Crook takes up predator control plan

County may add additional person to patrol and trap animals part time

By Rachael Scarborough King / The Bulletin
Published: March 08. 2007 5:00AM PST

PRINEVILLE – At a time of year when Crook County’s farms are full of calves and lambs, the County Court is considering contributing more money to a federal program that deals with the animals that often prey on livestock.

Mike Slater, a representative of the U.S. Department of Agriculture’s Animal and Plant Health Inspection Service, said at Wednesday’s Crook County Court meeting that the agency currently has one employee working on predator control in Crook, Jefferson and Wasco counties.

“Obviously, that’s a pretty big area to cover for one person,” Slater said. “What I’ve been hearing from some landowners is, ‘Boy, it sure would be nice to be able to have a ground program again,’ where we could put a little more control on these coyotes and some of these other critters, beavers, and on down the list even potentially down on to the skunks in town.”

Slater said that the current employee works about half-time in Crook County and mostly deals with mountain lions. He added that another employee based in Des-chutes County could begin working a few days a week in Crook County, costing the county roughly an additional $23,000 a year for the predator control program.

“Even that is not a real overloaded program, obviously, even that can get busy and even that ground person would have to have some prioritization in her schedule,” he said.

The additional staffer would primarily work on the ground trapping predators like coyotes.

The county currently pays about $22,000 a year for the half-time predator control position, and the federal and state governments also contribute funds.

At the meeting, Crook County Judge Scott Cooper expressed reservations because the amount of federal and state money has steadily decreased since the program started in the 1990s and the county might have to pay more in the future for the new position.

“This is one that gets more expensive the longer you keep it around,” Cooper said. “It is, however, a critical issue in what we do.”

While the three county commissioners did not take any action, they agreed that they should treat the issue as a “priority” and try to find funding for it as the county continues to work on its budget for the coming fiscal year. Cooper said the budget should be finished by April 1.

Commissioner Mike McCabe, a farmer in Prineville, said he thinks that if the county does add the additional staff the focus should be on controlling coyotes.

“Until skunks start killing calves and lambs and elk calves and fawns, they’re not really high on my priority list,” McCabe said. “It’s a problem and it needs to be dealt with as we go, but I don’t think it should be a priority.”

Bill Sanowski, one of several Crook County ranchers in attendance at the meeting, said coyotes killed 21 calves on his property last year.

“We definitely have a problem out there, and I hope that we can pass this thing and get some more traps or whatever,” he said.

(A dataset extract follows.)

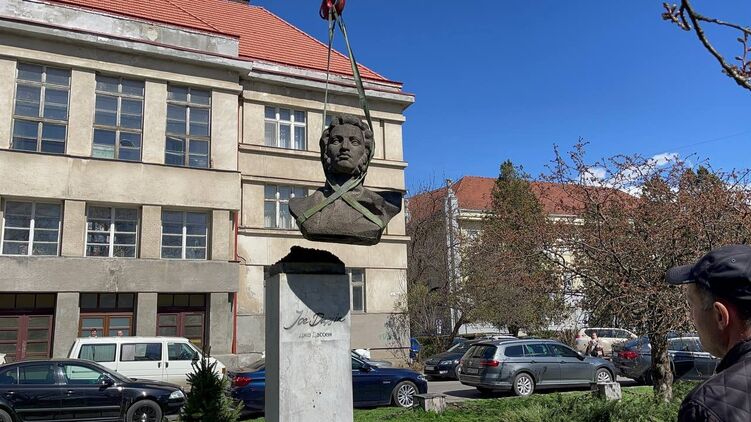 В Ужгороде демонтировали памятник Александру Пушкину, на котором написали Джо Дассен

But Cooper added that he thinks the problems with smaller animals are also significant.

“I’ve got 10,000 residents here in the city who think we ought to be doing a lot more with skunks than we are, and they aren’t hesitant to call and tell me,” he said. “Their other issue is turkey vultures, which no one seems to have found a good solution for what to do with, so I regularly field calls.”

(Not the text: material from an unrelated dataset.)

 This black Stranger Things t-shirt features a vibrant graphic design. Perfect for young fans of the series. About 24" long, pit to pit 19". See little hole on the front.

Slater said that one of the benefits of the USDA program is that its employees can cross onto federally owned lands, which private landowners cannot.

Slater said after the meeting that the USDA wildlife services agency uses a variety of methods, both lethal and nonlethal, in controlling animals ranging from raccoons and starlings to mountain lions and coyotes.

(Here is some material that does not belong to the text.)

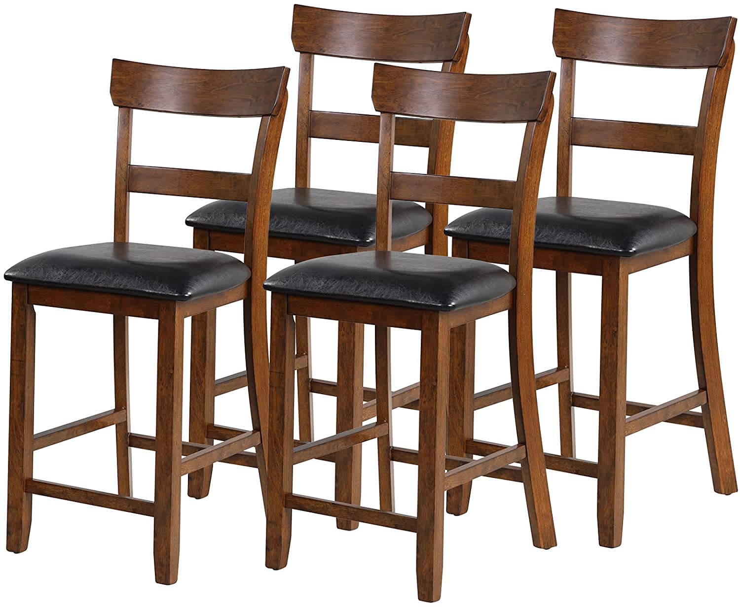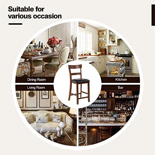 NAFORT Counter Height Bar Stools Set of 4, Farmhouse 25.5” Wood High Dining Chairs, Counter Stools with Back for Kitchen Restaurant Bar, Rubberwood Legs & Black PU Leather Cushion

Every year there are a number of mountain lion sightings in Bend, Redmond and Prineville. And on Feb. 27, there were two reported sightings of cougars in east Bend.

Legally, Slater said, landowners can kill the animals if they have damaged livestock, but if they have just seen the animals and are worried about safety, there is a process to go through with the Oregon Department of Fish and Wildlife to deal with the problem. Property owners can also kill coyotes at any time because they are classified as predators that are unprotected, he said.

“One of the things that’s happened, especially in Central Oregon, is more and more wildlife problems around people,” he said. “What happens is basically the mountain lions are coming down from the upper country, we’re moving out toward the upper country, and it’s kind of increasing that area in which people and mountain lions have to live together.”

But he added that the purpose of the program is not to “annihilate wildlife.”

“This is a professional response and it’s not a wildlife extermination effort,” he said.